Chip coil

Abstract

Electrodes of a chip coil are provided at no magnetic flux concentrated positions of a core 2 of the chip coil. In other words, the present invention has a configuration where: lead frames 15 and 16 are provided at the center of the length of both brims 5 and 6 of the core 2; conductive parts 25a and 26a and the ends of a conductive wire 11 are connected to internal electrodes 23 and 24, which are made of thin metal films and provided on both brims 5 and 6, respectively; and external electrodes 25b, 25c, 26b, and 26c are extended so as to protrude from the sides of a core drum 4. This reduces magnetic loss and prevents deterioration of characteristics and the Q value due to the electrodes.

Description

BACKGROUND OF THE INVENTION

1. Field of the Invention

The present invention relates to a chip coil, which is used for, for example, compact communication equipment or electronic devices.

2. Description of the Related Art

As sizes and weights of electronic devices are reduced, requests for reduction in size (integration onto a chip) of electronic components increase. As disclosed in Japanese Patent Application Laid-Open No. 9-219318, for example, a chip inductor, which is a chip electronic component, forms a coil made by winding a conductive wire around a square pole winding drum, which has flange-shaped brims protruding from both edges. And, formed on part of the end faces of those brims are plated electrodes.

FIG. 8 shows an example of a configuration of a conventional chip inductor. A chip inductor 60 shown in FIG. 8 has electrodes 65 and 67, which are formed on the entire surface of the brims 62 and 64 of a core, and is mounted upon a printed circuit board so that the direction of the length thereof can be the same as the running direction of patterns 61 and 63, which are signal lines on that printed circuit board.

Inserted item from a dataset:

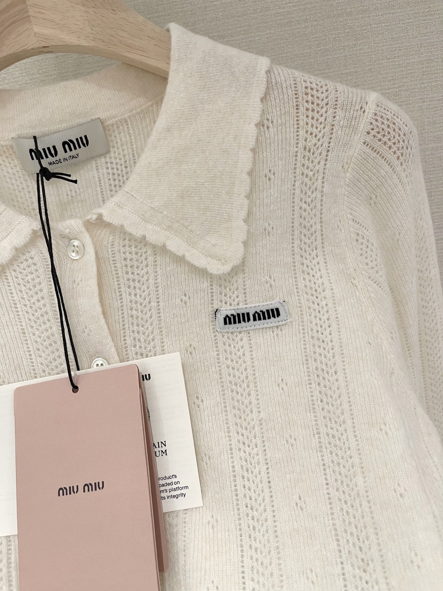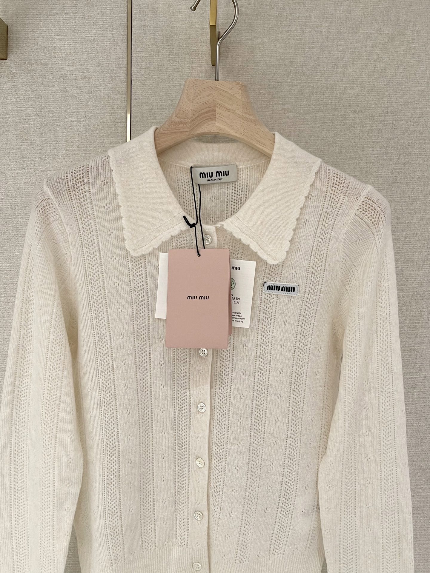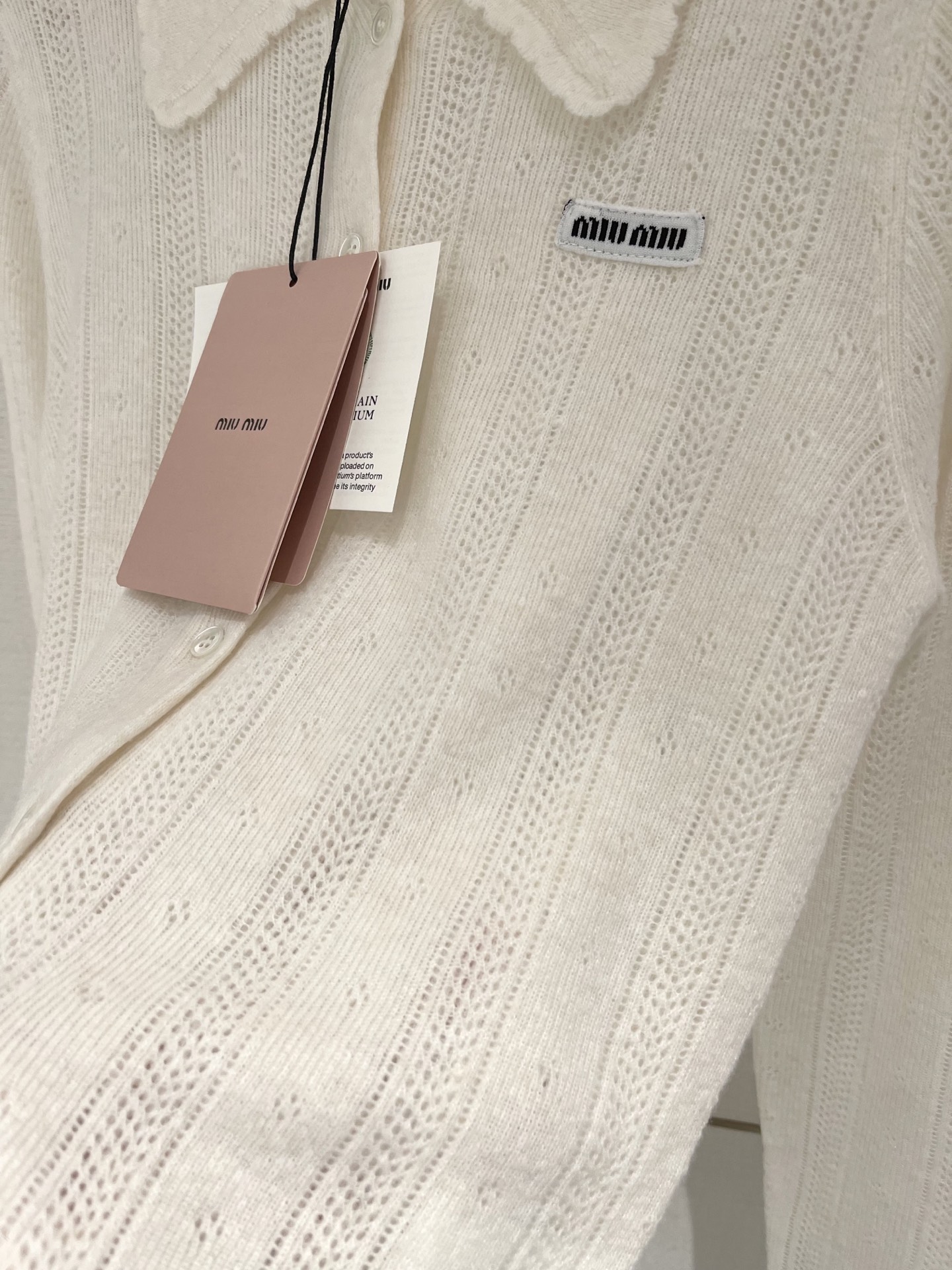 这款衣服是AAAAA 1:1 质量 (非常棒). 使用了和原版一模一样的材料. 商标部分也保持了和缪缪/Miu Miu一样. 图片拍摄是实物衣服拍摄, 您所收到的实物保证和我们图片一模一样.

The results from carrying out an electromagnetic field simulation for the above-described conventional chip inductor show that, as shown in FIG. 9, concentration of magnetic fluxes has occurred at the portions indicated by symbols (O) in the brims 62 and 64, which are components of the core. In other words, as is seen from FIGS. 8 and 9, the conventional chip inductor has a configuration where electrodes 65 and 67 are formed at the magnetic flux concentrated portions of the core.

There are problems with the conventional inductor in which the above-described configuration causes increase in magnetic loss and decrease in the Q value.

The present invention has been developed in view of the above-described problems, and aims to provide a chip coil, which reduces magnetic loss and prevents decrease in sensitivity characteristics and the Q value and is suitable for use as an antenna for wireless communications by mounting on various wireless communication equipment (e.g., radio frequency identification (RFID)).

SUMMARY OF THE INVENTION

The present invention has a configuration to achieve the above objectives and solve the above-described problems. In other words, a chip coil according to the present invention is made up of a core including a drum and brims provided on both ends of that drum; a coil conductor formed on the drum; and external electrodes that are electrically connected to the coil conductor; wherein the external electrodes are arranged between the brims.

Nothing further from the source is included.